Latina women also took part in the Pachuca and Zoot Suit culture of World War II. The women's participation in this, as feminizing the zoot suit to fit their needs, showcased the newfound mobility and agency gained from the War. The female zoot suiters were bold, knowing that they were challenging gender norms. They were excluded from history for their failure to fit the masculine profile, however the women pachucas can be seen as a symbol of independence.

== Aftermath ==
As servicemen returned home from World War II, employment opportunities for women and especially women of color decreased. Post-war reconversion efforts lead to job losses for American women, often followed by intense social pressures for women to return to previous norms of domestic focus. With the economy shifting from wartime to peace, many war-related industries reduced production and employment.

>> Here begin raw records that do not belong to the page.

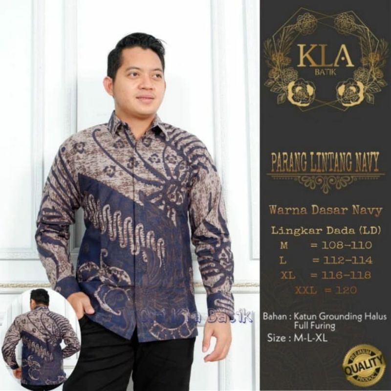 Banting Harga Pakaian di Kabupaten Indragiri Hulu Peksi Navy Batik Pria Lengan Panjang Lapis Furing Batik Solo dari Batik Solo Membara Kota Surakarta (solo)
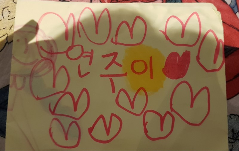 사랑가득한 그녀의 편지만 3세인 그녀. 나의 사랑 딸이 유치원에 다녀와서 내게 열어보라면서 종이를 주었다. 겉에는 하트가 뿅 뿅뿅뿅 그려져 있고, 이연주라는 천진난만한 글씨체로 내 이름이 쓰여있고,
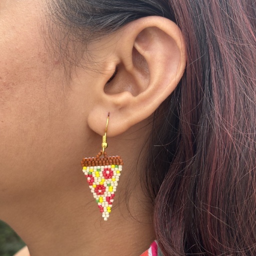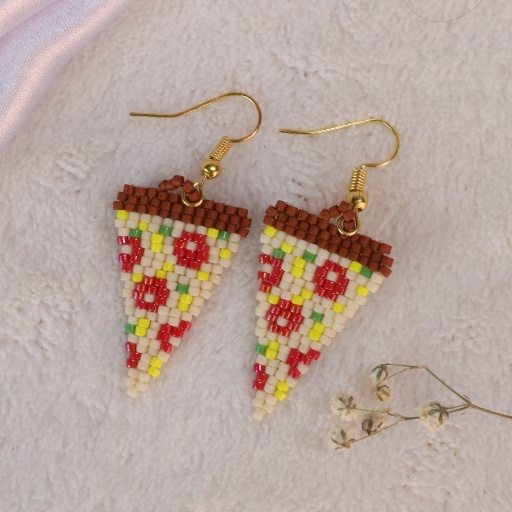 Add a slice of fun to your look with the Cheesy Delight Beaded Earring! Handcrafted with vibrant seed beads, this earring mimics a delicious slice of pizza topped with colorful “toppings” like red pepperoni and golden cheese. The triangular shape and intricate beadwork give it a quirky yet detailed aesthetic, perfect for food lovers and playful fashionistas. Lightweight and eye-catching, it’s a charming accessory to spice up casual outfits or add a dash of whimsy to your day.
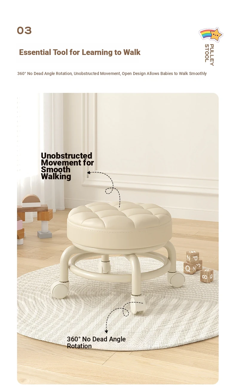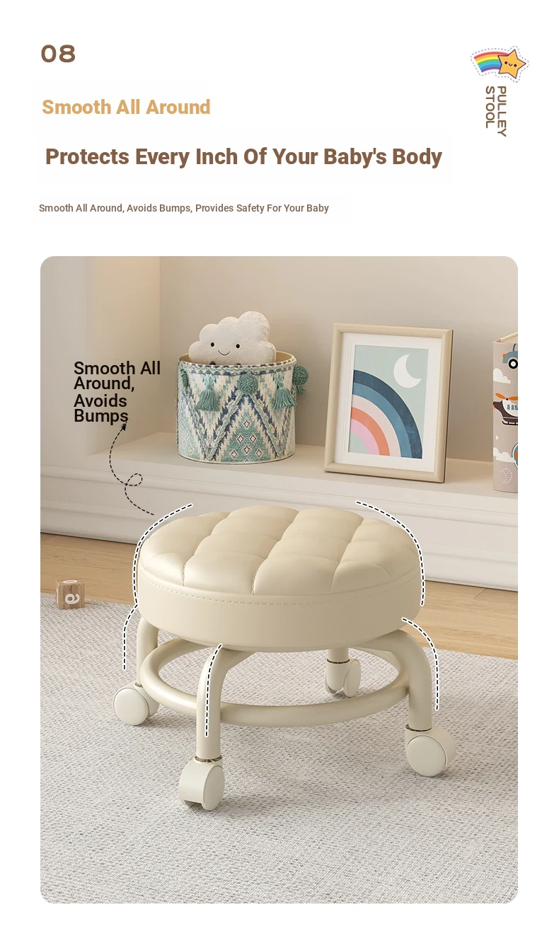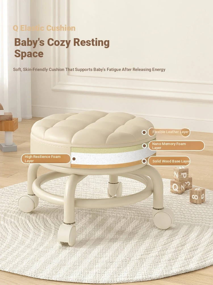 3Dream Universal Wheel Stool - Versatile Low Stool for Home, Living Room, Entryway Shoe Changing, and Toddler Learning. Perfect Round Bench for Kids and Family!
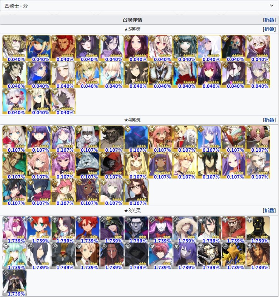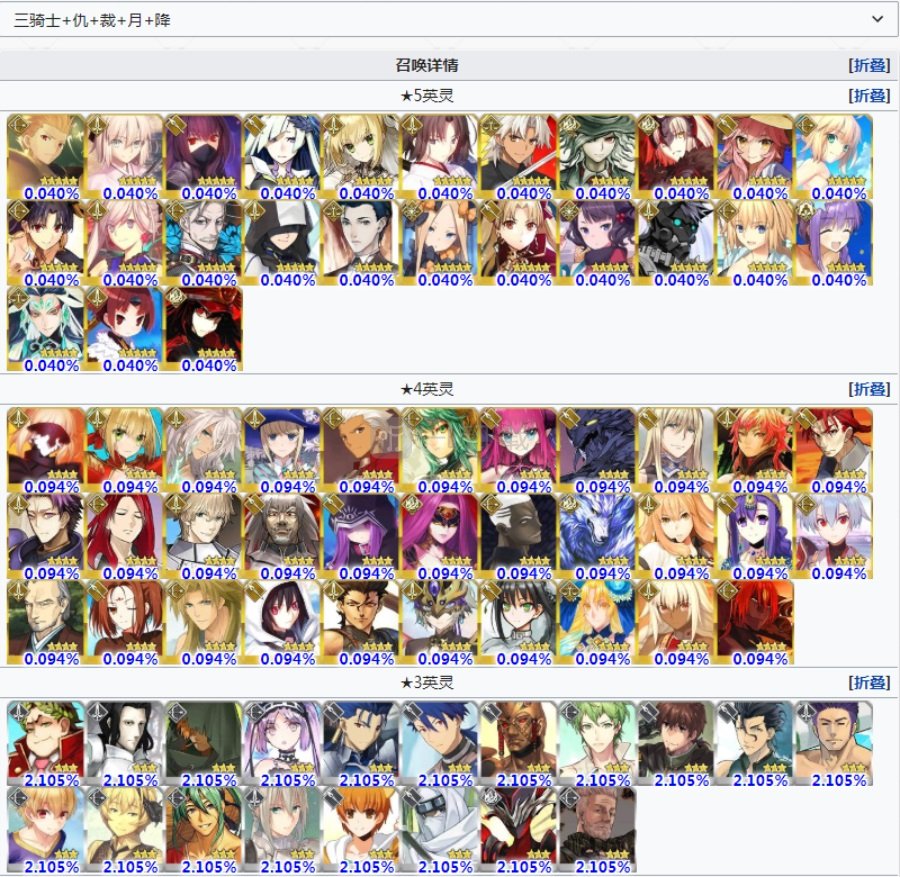 本次福袋是分为了两个,一个是包含了上三骑,也就是剑弓枪加上复仇者和裁决者,月癌与降临者的福袋,所有这些职阶的从者,包括四星和三星从者都在福袋内。然后是下四骑,也就是骑术杀狂和他人格的职阶福袋。下面是两个福袋的从者展示。
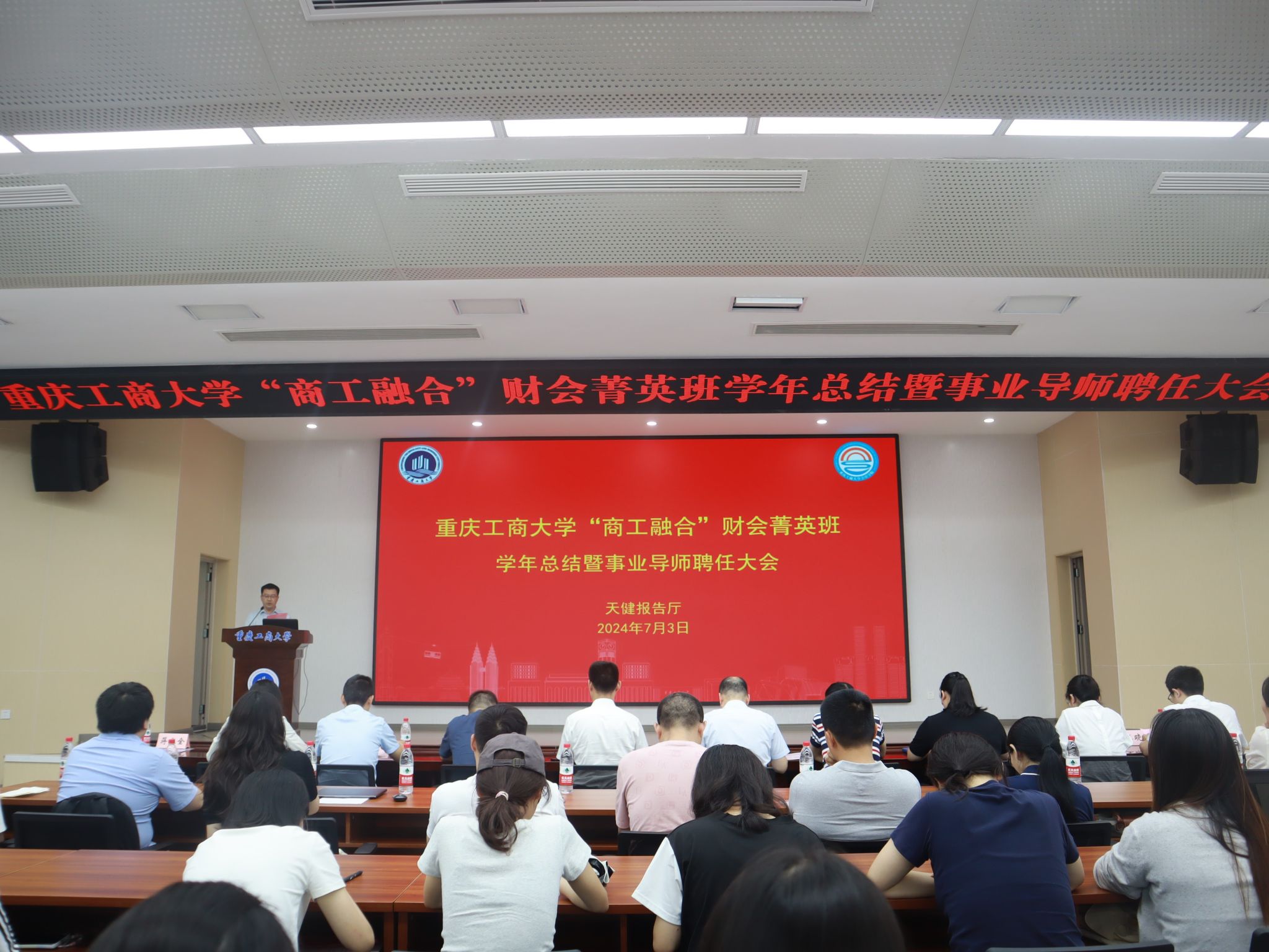 2024年7月3日,437bwin必赢国际“商工融合”财会菁英班学年总结暨事业导师聘任大会在天健报告厅成功召开。教务处副处长黄潇,必赢国际437全体班子成员,财会菁英班学业导师代表、事业导师代表、班导师、班主任和22级全体同学参加了大会。大会由必赢国际437副院长蒋水全主持。

Attitudes towards the layoffs were mixed. Some Latinas were happy to return home to their children and families. Others chose to turn to desk jobs that were considered more "womanly" and less labor-intensive. A smaller portion wanted to stay in their previous jobs and some managed to do so.

Latina women felt a strong sense of patriotism while working in war-related industries. Options to fight discrimination practices diminished as Truman disbanded the Office of War Information and Office of the Coordinator of the Inter-American Affairs.